Purpose of genetic screening:

Answer 46

To determine if the DNA of an individual contains alleles for genetic disorders. It can be also used to identify carriers of a genetic disorder.

Question 47

3 types of genetic screening:

Answer 47

1. pre-implantation genetic diagnosis- embryos created through IVF are tested for genetic disorders before they are implanted into a woman’s uterus.
2. Chorionic villus sampling- 8-12 weeks of pregnancy. A sample of embryonic tissue taken from the placenta is analysed. (quicker than amniocentesis)
3. Amniocentesis- 14-16 weeks. A sample of amniotic fluid (containing foetal cells) is obtained using a needle. The DNA is analysed.
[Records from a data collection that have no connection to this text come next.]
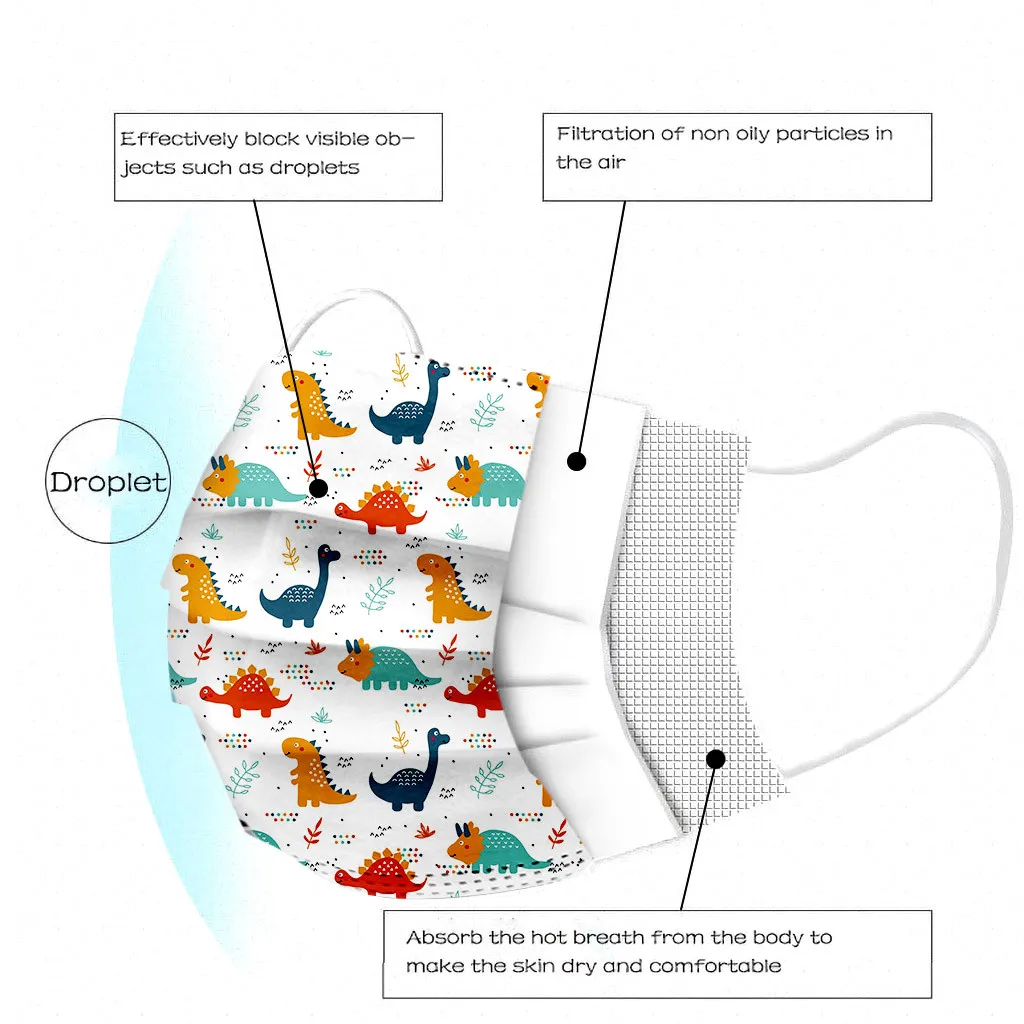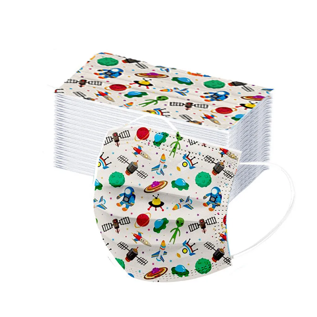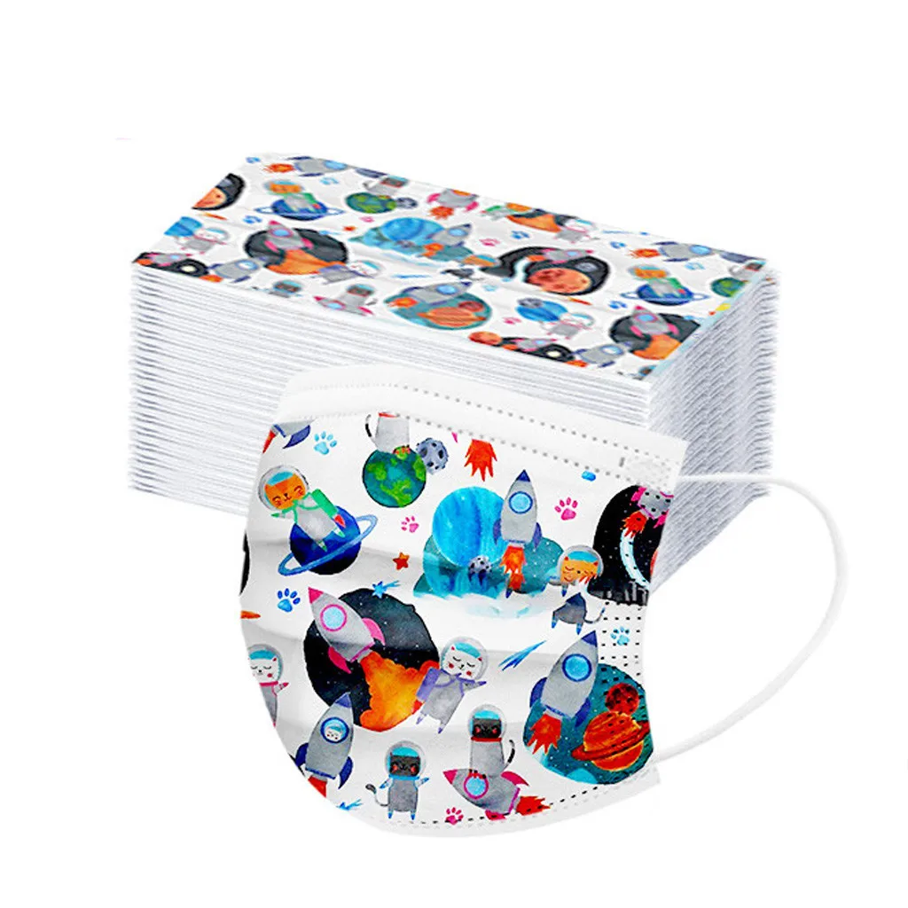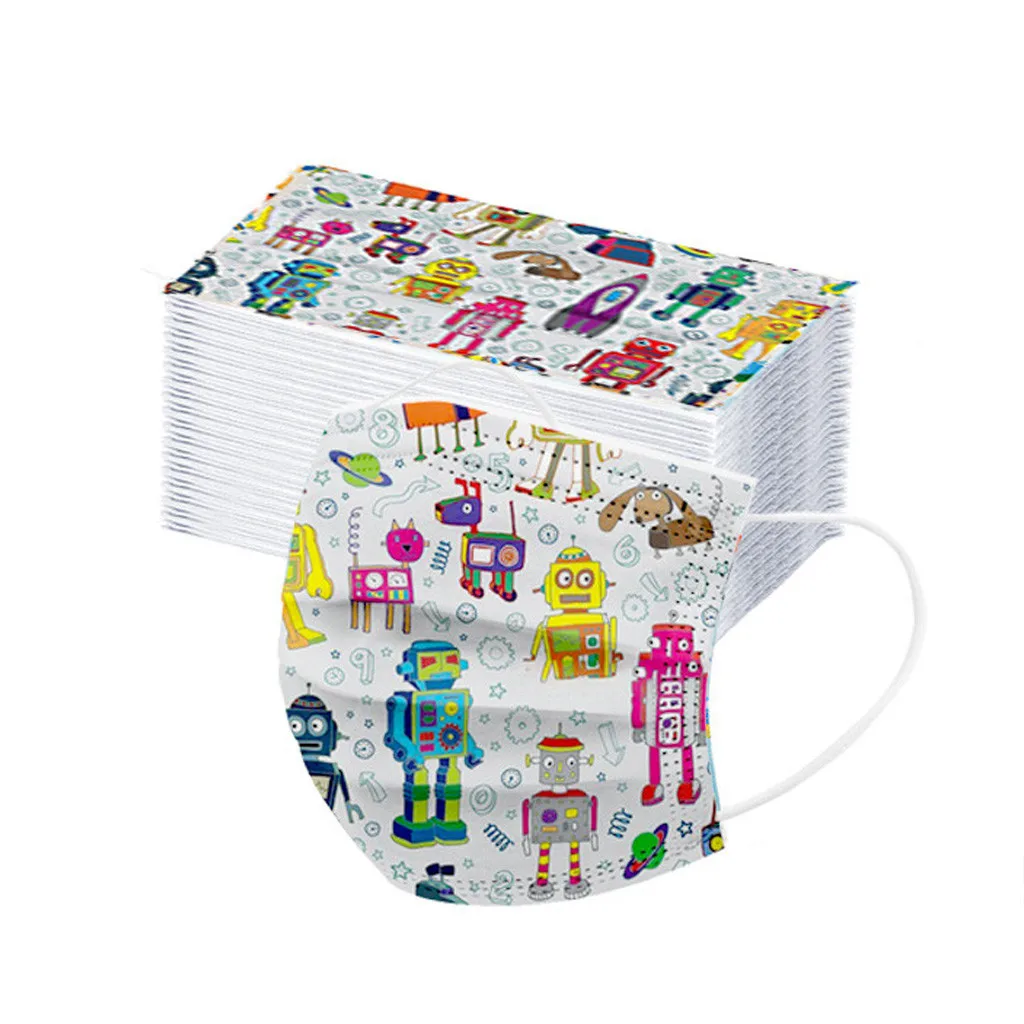 Детские одноразовые маски для лица 50 шт 3 слоя для защиты дышащей мультяшной печати
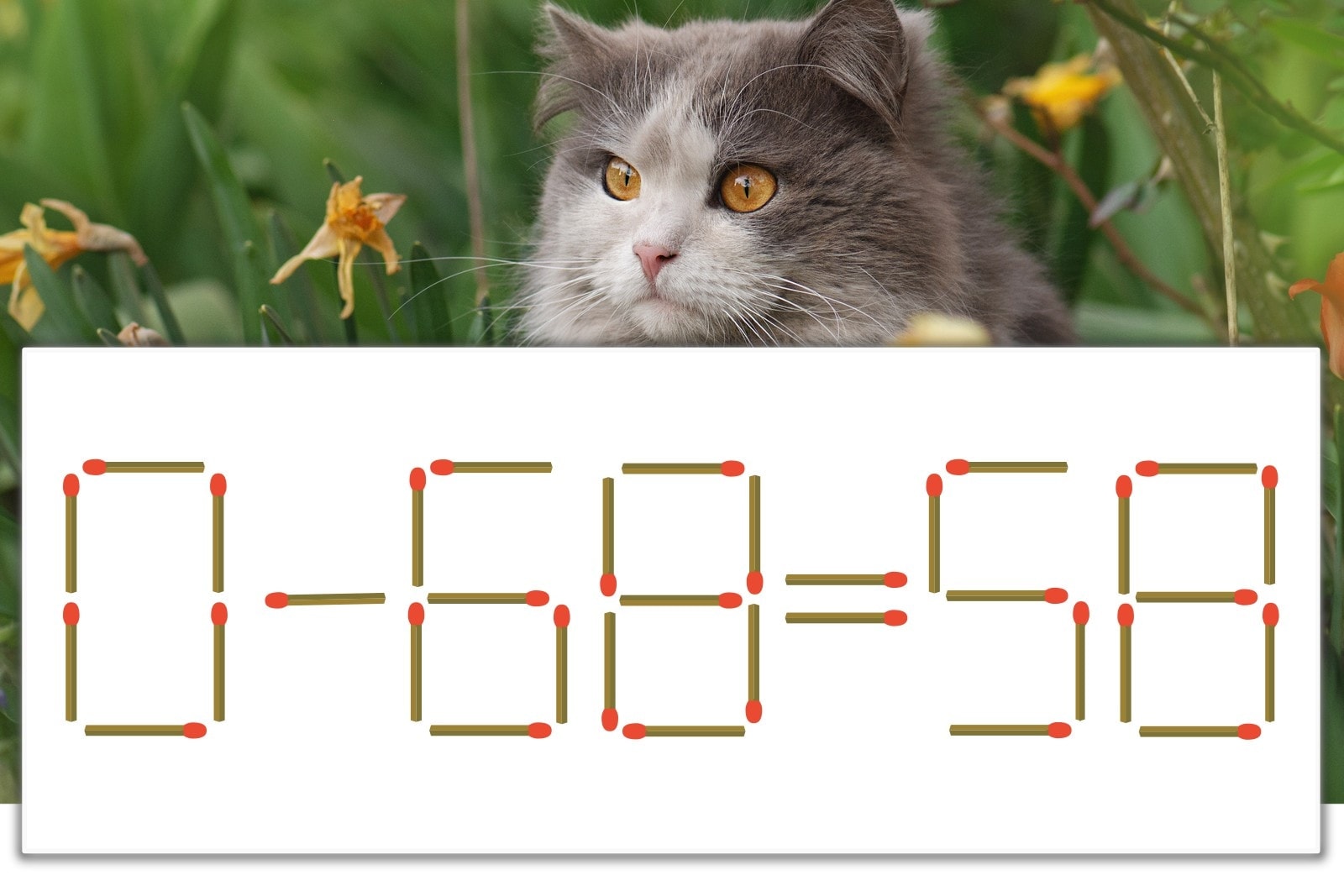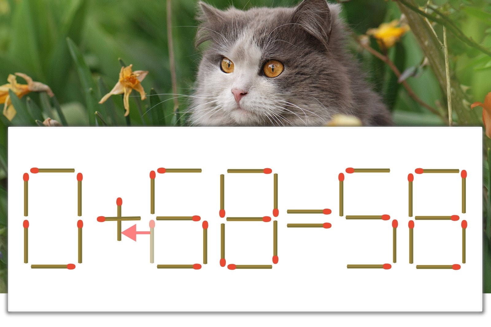 「6」を別の数字に変化させると答えが導き出せます。「6」のマッチ棒を1本移動して、「-」を「+」にしてみましょう。すると、「0+58=58」が成立します。
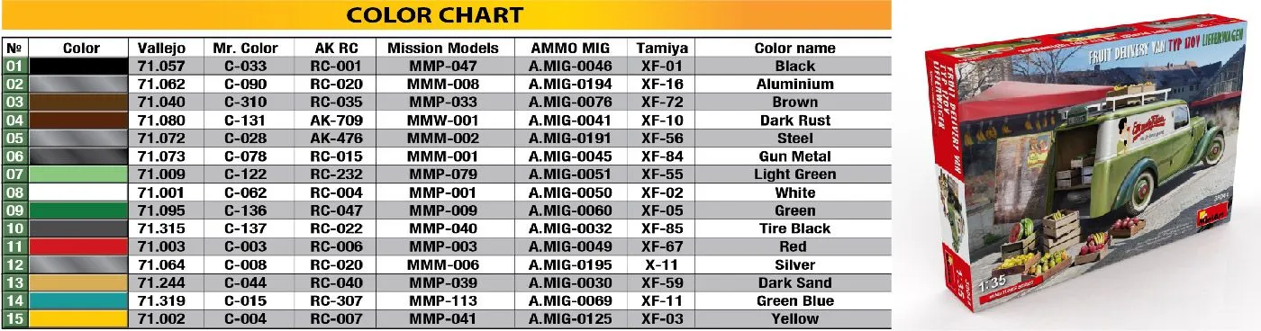 | Short Description | Miniart 1/35 Fruit Delivery Van TYP 170V Lieferwagen # 38044 |
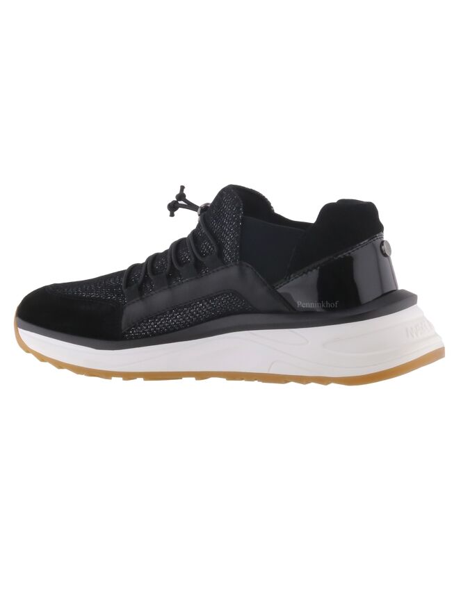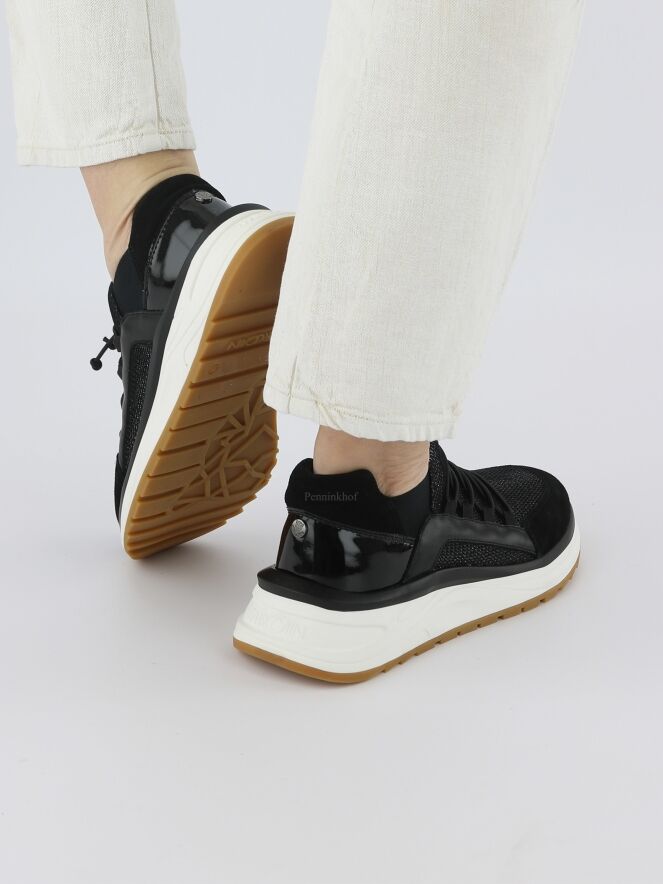 A sneaker from Marc Cain in the color black. Both Sides and the forefoot are in a perforated mesh structure. The sides of the shaft are in an elastic fabric. across the forefoot is a decorative diagonal cord that can be tightened. The heel is in black patent leather. The insole is removable. The sneaker is more than half a size larger than the size indicates.
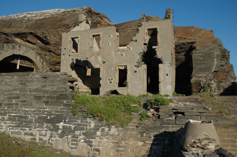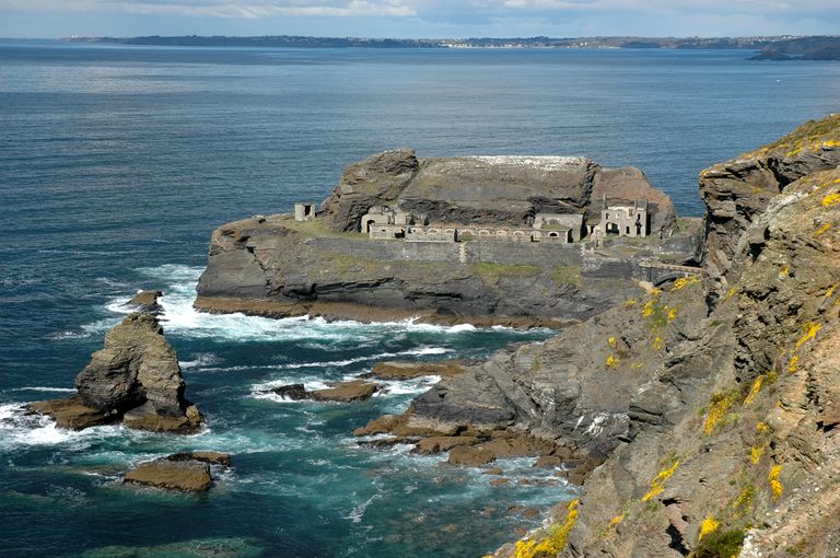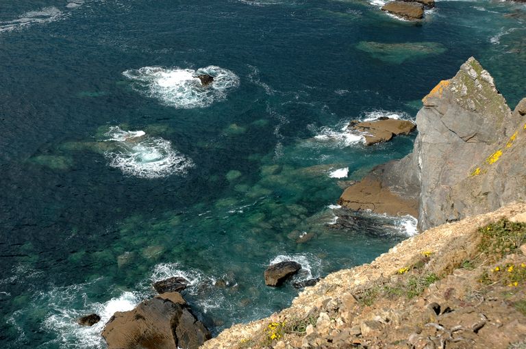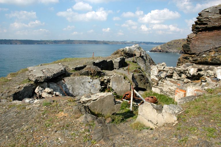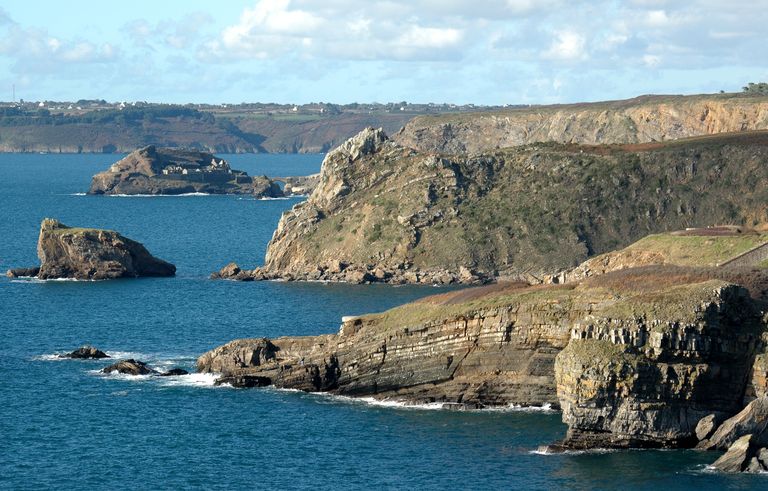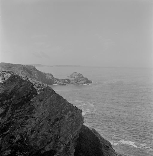 Matériau constitutif du site : falaise en schiste et quarzite de Plougastel. L'ilot est un monolithe en schiste ardoisier presque noir.
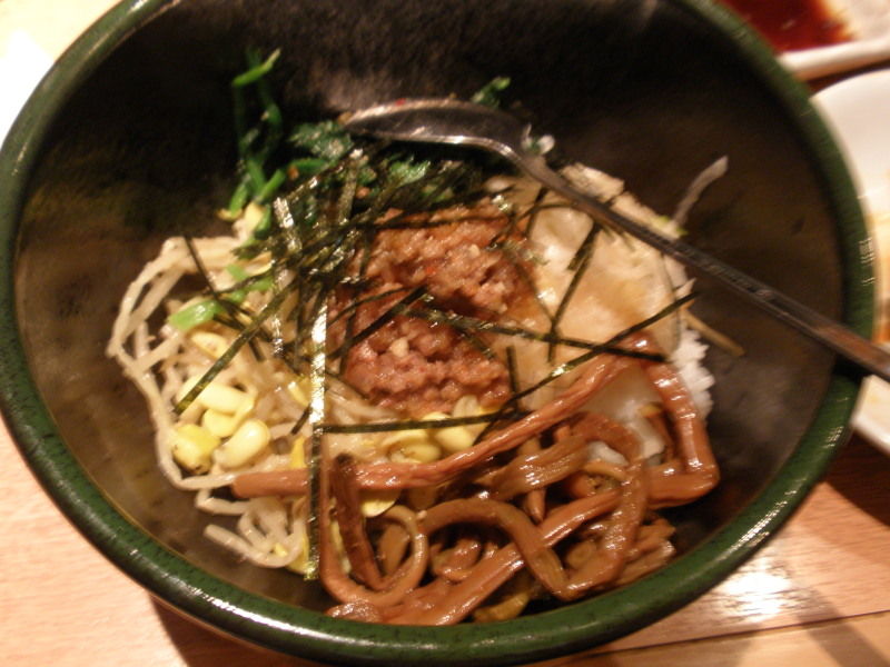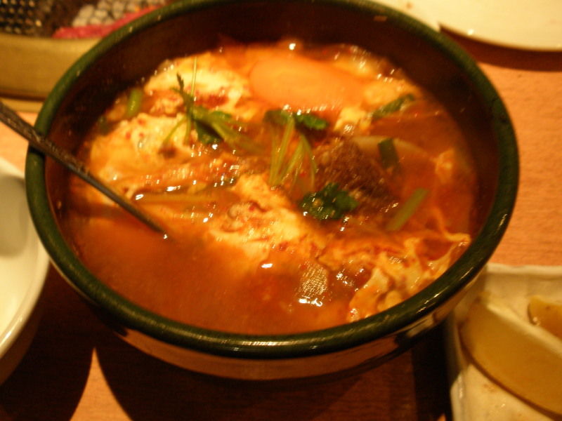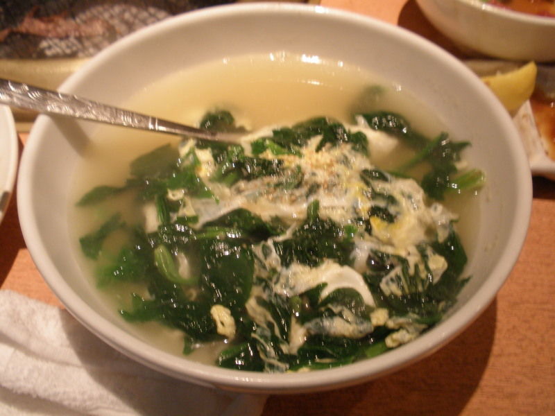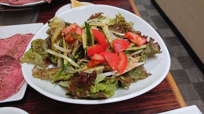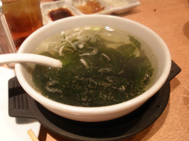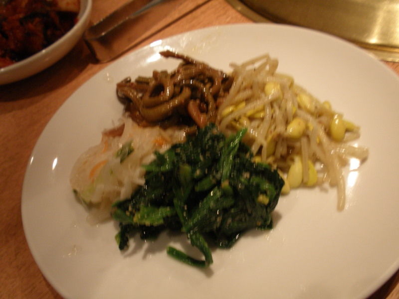 まずはサラダ、ナムル、キムチ、スープを食べる

Results are available after 2-3 weeks as foetal cells need to be grown in a culture first.

Question 48

Social/ ethical views surrounding genetic testing:

Answer 48

Disadvantages:
- risk of harm to foetus or misscarriage
- the outcome of testing may lead to an abortion- debate of right to life
-invasive procedures may be stressful for the mother, potentially harming the foetus
-controversial religiously
Advantages:
-the cost of bringing up a child with a genetic disorder, therefore a warning can prepare the family
-emotional and mental issues surrounding caring for a baby with a genetic disorder, therefore the option of abortion may reduce stress for the family later.